The team saw that levels of glutathione, the body's primary antioxidant, were significantly reduced in white blood cells from the 20 mitochondrial disease patients in the study. The observation means patients' antioxidant defenses were indeed depleted. Glutathione was also diminished in nine patients with organic acidemias, another group of metabolic diseases that researchers think may be associated with aberrant mitochondrial function.

Glutathione measurements could also help diagnose patients, Enns said, by giving physicians a clear indication that something is awry in the mitochondria. Genetic and molecular tests have already led to increases in the number of diagnoses, but the diagnosis is still difficult to pin down, he noted.

While much of what the team discovered confirmed what they had hypothesized, Enns told MDD that there were a few surprises.

"Even when these patients are coming into the clinic looking pretty healthy, they have evidence of extra metabolic stress," Enns said, noting the findings were surprising because none of the patients were in the midst of a health crisis such as organ failure when blood samples were taken. It is the first time such signs have been uniformly shown in the blood of patients across a wide range of mitochondrial disorders, he added.

Another surprising finding is that patients who were taking vitamin supplements tended to have relatively normal levels of glutathione, Enns said.

Scientists have long suspected antioxidants such as vitamin C and vitamin E might help patients with mitochondrial disease or organic acidemias, and doctors sometimes suggest the supplements to their patients. But no one has been able to test whether they work.

"As a clinician, one of the most frustrating things has been not being sure if supplements are doing any good," said Enns. "Now we're able to take a baseline blood reading and see 'before' and 'after' snapshots."

Enns said his team has been working on this research for three or four years and are just starting to publish their data.

William Craigen, MD, PhD, director of the metabolic clinic at Texas Children's Hospital (Houston), called this finding "the beginning of insight into the mechanisms of mitochondrial disease." Craigen, who also is medical director for the mitochondrial diagnostic lab at Baylor College of Medicine (Houston), was not involved in the Stanford study. "This new research provides an opportunity to start treating a heterogeneous group of diseases in a single fashion, with a simple and easy-to-administer treatment, potentially improving patients' long-term outcomes."

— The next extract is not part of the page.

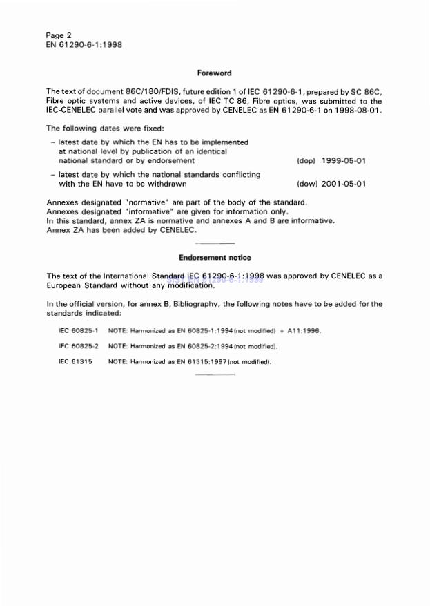 Keywords: EN 61290‑6‑1:1998, optical fibre amplifiers, pump leakage, optical demultiplexer, test methods, insertion loss measurement, optical power meter, rare‑earth doped amplifiers.

Enns said the method his team used to measure glutathione, called high-dimensional flow cytometry, has limitations: it requires very fresh blood samples, uses expensive equipment only available in research labs, and provides relative rather than absolute glutathione measurements. Now that the team knows what metabolic change to look for, they're working to develop a more broadly applicable measurement technique, he said.

And glutathione measurements could help scientists unravel other disease mysteries, too. "You name the disease, you can postulate mitochondrial involvement," Enns said. "It's been proposed for everything from poor vision to hearing loss, kidney disease, liver disease, autism spectrum disorders, diabetes, Alzheimer disease, cancers. Our work could lead to research on therapies for a broad range of disorders."

Enns collaborated with research associate Kondala Atkuri, PhD; associate professor of pathology Tina Cowan, PhD; professor emeritus of genetics Leonard Herzenberg, PhD; and research professor of genetics Leonore Herzenberg, PhD, who is also a member of the Stanford Cancer Center. The Herzenbergs have a financial interest in BioAdvantex (Mississauga, Ontario), a company whose dietary supplement, PharmaNAC, is intended to increase glutathione levels. The study was funded by grants from the United Mitochondrial Disease Foundation (Pittsburgh), the Lucile Packard Children's Hospital Pediatric Health Research Fund and the Arline and Pete Harman Scholarship.